Edward Hutton visited Umbertide and nearby Montone to see two masterpieces, the first, Luca Signorelli's Descent from the Cross, and the other a gonfalon or processional banner that he attributed to Bartolommeo Caporali. He saw them in churches but now they are in local museums.
It was for the sake of Luca Signorelli that one early summer day, I set out from Perugia in the morning by train for Umbertide. The way is fair enough, as all ways are in Umbria, and before long I came into the characteristic upper valley of the Tiber, and passing up-stream to Umbertide, I found there a majestic octagonal domed church of the sixteenth century, Santa Maria della Regia, of lovely portion and full of light, which was rebuilt in the middle of the seventeenth century…
It was in Santa Croce, near the bridge over the Tiber, however, that I found the picture of Signorelli, the Descent from the Cross, which I had set out to see. The great old painter was seventy-five when he painted this picture, yet his vigour was not abated. He seems, indeed, to have painted this fine work himself and to have left little or nothing to assistants. The church is small and dark and the picture has been half spoiled by restoration, but it is still a beautiful and noble work, and if some of the figures are perhaps life-studies, especially the figure in the foreground on the left, the composition is wonderful, and there can be no doubt about the sincerity of the emotion. They have just loosed the divine body from the Cross, a rainbow-coloured scarf of Umbria supports it and is caught round the crutch and held by one of the Apostles. The others are mounted on ladders, and gently, slowly, they are trying to lower the body of the Son of God that it may rest for three days in the tomb. Others of the Apostles hold the ladders, and at the foot of the Cross itself the Virgin Mother has swooned away. Two of the women look upon her, while the Magdalen, half mad with tears, places her hand under the wounded feet of her Lord and, grasping the Cross to save herself from falling, seems about to gather her Saviour into her arms almost as one might a child. In the foreground, on the right, St. John seems to be praying. And then suddenly into this picture, so solemn and tragic, steels the beautiful and only half-sorrowful figure of a girl splendidly dressed, her hands clasped before her. She seems just to have halted for a moment at the sight, and to have lowered her eyes as Madonna, swaying like a lily, has fallen softly to the ground. Who is this figure that passes by? …

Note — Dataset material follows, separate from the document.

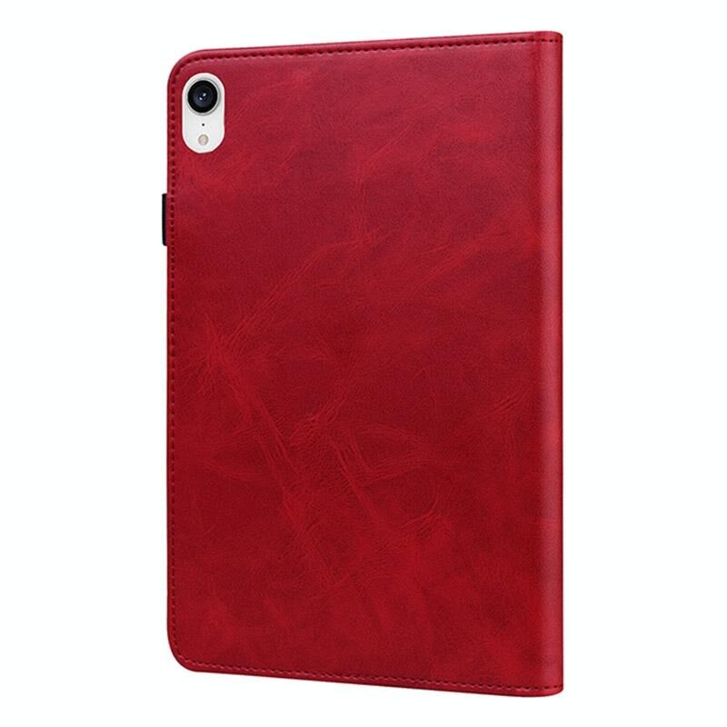 For iPad mini 6 / mini 2024 Solid Color Embossed Striped Leather Case(Red)

When at Umbertide I proposed to myself to go to Montone, a little lofty town some eight miles away in the mountains to the north. It was for the sake of a Bonfigli I set out, for, as I was told, he had painted a gonfalon for that very place, a thing so splendid and lovely that to see it was worth all the weariness of the way, for the road is steep and long. It was not, however, any work of Bonfigli I saw, when just after Mass on Sunday morning I entered the church of San Francesco.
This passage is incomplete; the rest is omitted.